Tuesday, 21 July 2009

The Fourth Plinth - and other art

The ‘Fourth Plinth’ is the empty base of a non-existent statue in the northwest corner of Trafalgar Square. Since 1999 there has been a succession of temporary sculptures and other art pieces. Anthony Gormley won the commission for this summer with a really different idea: to have members of the public stand on the plinth for one hour each, running for 100 days – that’s 2400 people. They have applied online and been selected at random, although the selections are weighted to represent the geographical/population spread across the UK. People can do anything they like during their 60 minutes. The project (piece?) is called OneandOther.

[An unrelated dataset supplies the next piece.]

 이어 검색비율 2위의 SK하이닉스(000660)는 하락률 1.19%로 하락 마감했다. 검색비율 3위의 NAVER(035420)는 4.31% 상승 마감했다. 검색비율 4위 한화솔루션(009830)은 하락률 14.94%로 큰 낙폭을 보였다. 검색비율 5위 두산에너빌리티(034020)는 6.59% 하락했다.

Rachel from London doing her cleaning

I’ve been down to see what’s going on and it looks pretty successful. Certainly, when the weather is good there are many, many tourists and passers-by stopping to watch. Some ‘plinthers’ as they are now called seem to have their family and friends come to watch and support which increases the numbers. Mind you, I haven’t yet been at 3 in the morning, or when it’s very cold, wet and dark. On those occasions it might be single-figure numbers. As a warmer alternative you can stay at home and watch the live feed.

Robert Irving reading his book

My only minor criticism is of the untidy collection of portakabins, generators, JCB’s and so on which seems to be needed to support this endeavour and which now clutters the south-west corner of this important square. It’s a pity that one of the adjacent arts organisations couldn’t be persuaded to find some space (National Gallery, the DCMS or similar) and keep Trafalgar Square uncluttered.

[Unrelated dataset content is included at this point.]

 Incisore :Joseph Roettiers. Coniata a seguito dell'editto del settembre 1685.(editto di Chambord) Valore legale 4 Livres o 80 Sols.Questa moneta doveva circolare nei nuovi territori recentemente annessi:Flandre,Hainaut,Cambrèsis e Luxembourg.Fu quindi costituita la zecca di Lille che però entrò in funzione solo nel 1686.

On a connected point, I’ve been impressed by the willingness and ability of the arts community to host these risky, big-piece numbers and not be put off by the safety issues. I’m thinking of Tate Modern’s 2007 Doris Salcedo’s crack-in-the-floor Shibboleth piece (photo), where 15 people were injured, and Tate Britain’s recent revival of Robert Morris's Bodyspacemotionthings with 20 minor injuries.

With both these projects there were some injuries, but they don’t seem to have rattled the Tate management too much. This is a welcome and positive contrast to the usual cautious, risk-averse public bodies and private companies: all rules, notices, hi-vis patrols, box-ticking corporate cultures, which would surely say ‘no’ to something as risky as allowing the public to stand on a rectangle 4m x 2m at 8 metres up in the air. Well done the Tate and others.